The lid member 3 is made from a ferrous metal such as carbon steel or the like, and a plated layer of nickel or the like is deposited over its entire exterior surface and over its entire interior surface. This lid member 3 has a hat shape, and includes a disk shaped peripheral flange part 3a contacted to the diaphragm 37 and a head portion 3b that projects upwards from this peripheral part 3a. An aperture 3c is formed in the head portion 3b. This aperture 3c is for allowing gas that has been generated internally to the cell to vent and escape to the exterior, when the pressure of this gas internal to the cell has ruptured the diaphragm 37 as described above.

It should be understood that, if the lid member is made from a ferrous metal, then, when joining this cylindrical secondary cell in series with another cylindrical secondary cell of the same type that is also made from a ferrous metal, it is possible to join them together by spot welding.

The lid member 3, the diaphragm 37, the insulation ring 34, and the connection plate 35 constitute an integrated lid unit 30. A method for assembling this lid unit 30 will now be described.

First, the lid member 3 is fixed to the diaphragm 37. This fixing together of the diaphragm 37 and the lid member 3 is performed by swaging or the like. Since initially the side wall 37b of the diaphragm 37 is formed as vertical, as shown in FIG. 2, accordingly the peripheral part 3a of the lid member 3 can be fitted in within the side wall 37b of the diaphragm 37. And then the side wall 37 of the diaphragm 37 is deformed by being pressed inwards or the like, so that it is pressed into contact with and covers the upper and lower surfaces of the peripheral part of the lid member 3 as well as its external circumferential edge.

On the other hand, the connection plate 35 is fitted into the opening 34a of the insulation ring 34. Next, the projecting portion 35a of the connection plate 35 is welded to the bottom surface of the diaphragm 37 to which the lid member 3 is fixed, in the state in which the insulation ring 34 is sandwiched between them. As the method of welding in this case, resistance welding or friction stir welding may be used. Due to this, the connection plate 35 is welded to the diaphragm 37 to which the lid member 3 is fixed, with the insulation ring 34 interposed between them, and these components are all integrated together into the single lid unit 30.

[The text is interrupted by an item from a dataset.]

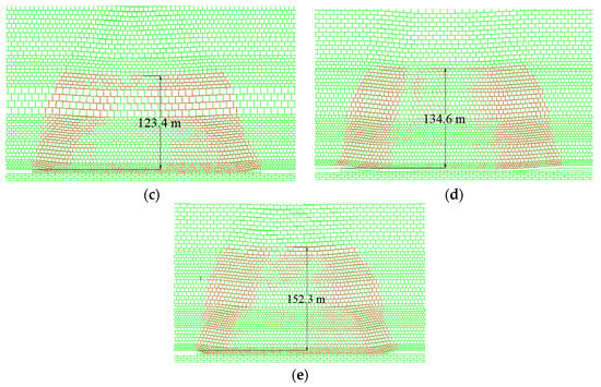 Development characteristics of overlying strata fractures under different mining height conditions. (a) Mining Height 4 m; (b) Mining Height 5 m; (c) Mining Height 6 m; (d) Mining Height 7 m; (e) Mining Height 8 m.

As described above, the connection plate 35 of the lid unit 30 is connected to the positive electrode current collecting member 27 by the connection member 33. Accordingly, the lid member 3 is electrically connected to the positive electrode current collecting member 27. In this manner, the lid member 3 to which the positive electrode current collecting member 27 is connected operates as a positive output terminal, so that it becomes possible to output electrical power accumulated in the electrode group 10, because the cell container operates as the negative output terminal while the lid member 3 operates as the positive output terminal.

A seal member 43, normally termed a gasket, is provided for covering the peripheral part of the side portion 37b of the diaphragm 37. This seal member 43 is made from rubber, although this is not intended to be limitative; an example of one possible material that may be employed is ethylene propylene copolymer (EPDM). Furthermore, for example, the cell container 2 may be made of carbon steel of thickness 0.5 mm and its external diameter may be 40 mm, while the thickness of the seal member 43 may be around 1.0 mm.

Initially, as shown in FIG. 2, the seal member 43 has a shape that includes an annular base portion 43a, an external peripheral wall portion 43b that is formed on the outer circumferential edge of this annular base portion 43a so as to stand almost vertically upwards, and a cylinder portion 43c that is formed so as to drop almost vertically downwards from the inner circumferential edge of the base portion 43a.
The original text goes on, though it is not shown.